If we also want to determine the MTU, it is important to set the payload to the maximum value and disable automatic fragmentation with -Mdo. The maximum payload is calculated by reducing the MTU of the outgoing interface (here 1420, visible with ip link) with the IP header (20 bytes for IPv4 and 40 bytes for IPv6) and the ICMP header (here: 4 bytes ICMP header + 4 bytes echo request header): 1420 bytes (MTU) - 40 bytes (IPv6) - 8 bytes (ICMP) = 1372 bytes Accordingly set the payload with -s.

This manual method would correspond to a traceroute in ICMP mode with MTU determination.
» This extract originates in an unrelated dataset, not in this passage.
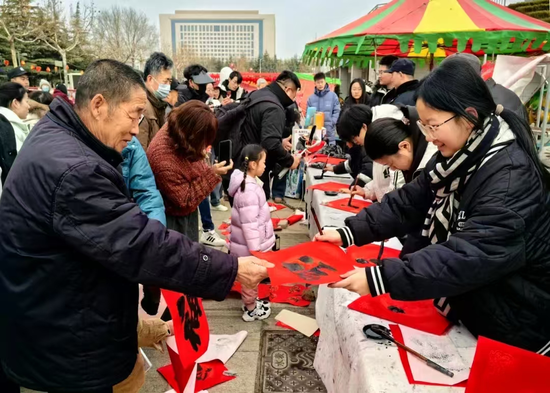 为了传承中华优秀传统文化,向社区传递新年祝福。1月27日,色情网 易班工作站赴潍坊高密市文体公园举办“墨香四溢迎新春,福字添彩年味浓”社会实践活动。

Request with maximum payload and a TTL of one:

$ ping -t1 -s 1372 -c1 -Mdo -6 git.dn42
PING git.dn42(git.dn42 (fd42:180:3de0:100:fc5f:3a14:838e:a7a7)) 1372 data bytes
From de.hujk.dn42 (fd94:dba8:42b0:e::1) icmp_seq=1 Time exceeded: Hop limit

--- git.dn42 ping statistics ---
1 packets transmitted, 0 received, +1 errors, 100% Paket loss, time 0ms

Request with maximum payload and a TTL of two:

$ ping -t2 -s 1372 -c1 -Mdo -6 git.dn42
PING git.dn42(git.dn42 (fd42:180:3de0:100:fc5f:3a14:838e:a7a7)) 1372 data bytes
From de.hujk.dn42 (fd94:dba8:42b0:e::1) icmp_seq=1 Paket too big: mtu=1280

--- git.dn42 ping statistics ---
1 packets transmitted, 0 received, +1 errors, 100% Paket loss, time 0ms

Here the MTU changes, so we recalculate the maximum payload with the new MTU: 1280 bytes (MTU) - 40 bytes (IPv6) - 8 bytes (ICMP) = 1232 bytes

Request with maximum payload and a TTL of two:

$ ping -t2 -s 1232 -c1 -Mdo -6 git.dn42
PING git.dn42(git.dn42 (fd42:180:3de0:100:fc5f:3a14:838e:a7a7)) 1232 data bytes
From tier1.de-fra1.burble.dn42 (fd42:4242:2601:31::1) icmp_seq=1 Time exceeded: Hop limit

--- git.dn42 ping statistics ---
1 packets transmitted, 0 received, +1 errors, 100% Paket loss, time 0ms

Request with maximum payload and a TTL of three:

$ ping -t3 -s 1232 -c1 -Mdo -6 git.dn42
PING git.dn42(git.dn42 (fd42:180:3de0:100:fc5f:3a14:838e:a7a7)) 1232 data bytes
From tier1.ca-bhs2.burble.dn42 (fd42:4242:2601:2d::1) icmp_seq=1 Time exceeded: Hop limit

--- git.dn42 ping statistics ---
1 packets transmitted, 0 received, +1 errors, 100% Paket loss, time 0ms

Request with maximum payload and a TTL of four:

$ ping -t4 -s 1232 -c1 -Mdo -6 git.dn42
PING git.dn42(git.dn42 (fd42:180:3de0:100:fc5f:3a14:838e:a7a7)) 1232 data bytes
1240 bytes from git.dn42 (fd42:180:3de0:100:fc5f:3a14:838e:a7a7): icmp_seq=1 ttl=60 time=105 ms

--- git.dn42 ping statistics ---
1 packets transmitted, 1 received, 0% Paket loss, time 0ms
rtt min/avg/max/mdev = 104.894/104.894/104.894/0.000 ms

Based on the successful response, we can see that we have reached the destination here. Thus, we have determined all hops as well as the maximum MTU and where it changes.

Notes

TTL stands for time to live and is only used in IPv4. In IPv6, TTL is replaced by “Hop Limit” which serves the same function. For simplicity, I have only referred to TTL in this blog post.
Packet loss can occur not only with UDP. It can also occur with ICMP or TCP. TCP, however, has mechanisms which ensure that a packet sent will arrive reliably. However, UDP is considered (minimally) faster, which is why it is used by default for DNS requests.
ICMP is only used in IPv4. In IPv6 ICMPv6 is used. However, for simplicity, I will only talk about ICMP.
Asymmetric routing cannot always be detected by Tracepath - for example, if the number of hops on the outbound and return paths are the same, but a different path was taken anyway.
Doing traceroutes manually via ping is laborious and inefficient, but can give you a good understanding of how traceroute and tracepath work.

I have made an effort to be correct in content when writing this, but errors can still occur. If you find an error, I would be grateful if you email me :-)

Addendum

11.05.2023: Error message codes such as !X are not the same for traceroute and tracepath. For example, traceroute uses !X and tracepath uses !A if the message has been administratively filtered.

I could not find any documentation for the codes of Tracepath. Therefore, I opened an Issue on GitHub. But the meaning can be derived quite well from the source code:

Ausgabe	Code	Bedeutung
`!A`	EACCES	Communication administratively prohibited
`!N`	ENETUNREACH	Destination network unreachable
`!H`	EHOSTUNREACH	Destination host unreachable
`!P`	EPROTO	Destination protocol unreachable

This is what I could read from the source code. However, I am not sure if the table is correct.